Хмурясь, я посмотрела на колени.
— Ханна, ты потеряла сознание у меня на руках. Была кровь. Мы с Джо не знали, что происходит. Ты умирала. Это охренеть как напугало меня, — признался он, его слова были полны чувств, как и эмоции.
Я удивленно посмотрела на него. Коул заботился обо мне.
Вздыхая, я взяла его руку и сжала ее.
— Прости, что поступила так с тобой.
— Тебе не нужно извиняться.
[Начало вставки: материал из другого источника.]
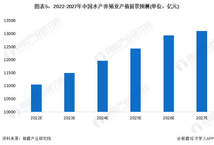 前瞻产业研究通过测算,预计2022-2027年中国水产养殖业产值将以CAGR4%左右的增速上升至2027年超过1.3万亿元。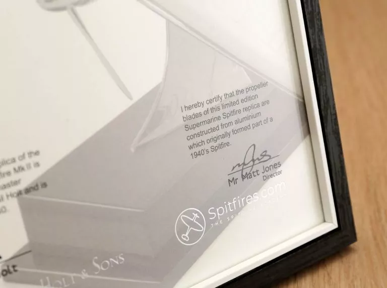 limited edition sterling silver Spitfire Mk II replicas. Each model has a propeller and

Просто скажи, от кого ты забеременела, чтобы я смог убить его прежде Брэдена, Адама, Кэма и Нейта.
Тем не менее, чувствуя себя преданной отъездом Марко и злясь на него, так сильно за то, что оставил меня разбираться со всем этим одну, во мне был страх чего-то иного. Страх, что семья обнаружит, что я залетела от него. Страх, что ему навредят. Что он опустится в их глазах.
— Ханна, ты почти умерла, — резко напомнил мне Коул.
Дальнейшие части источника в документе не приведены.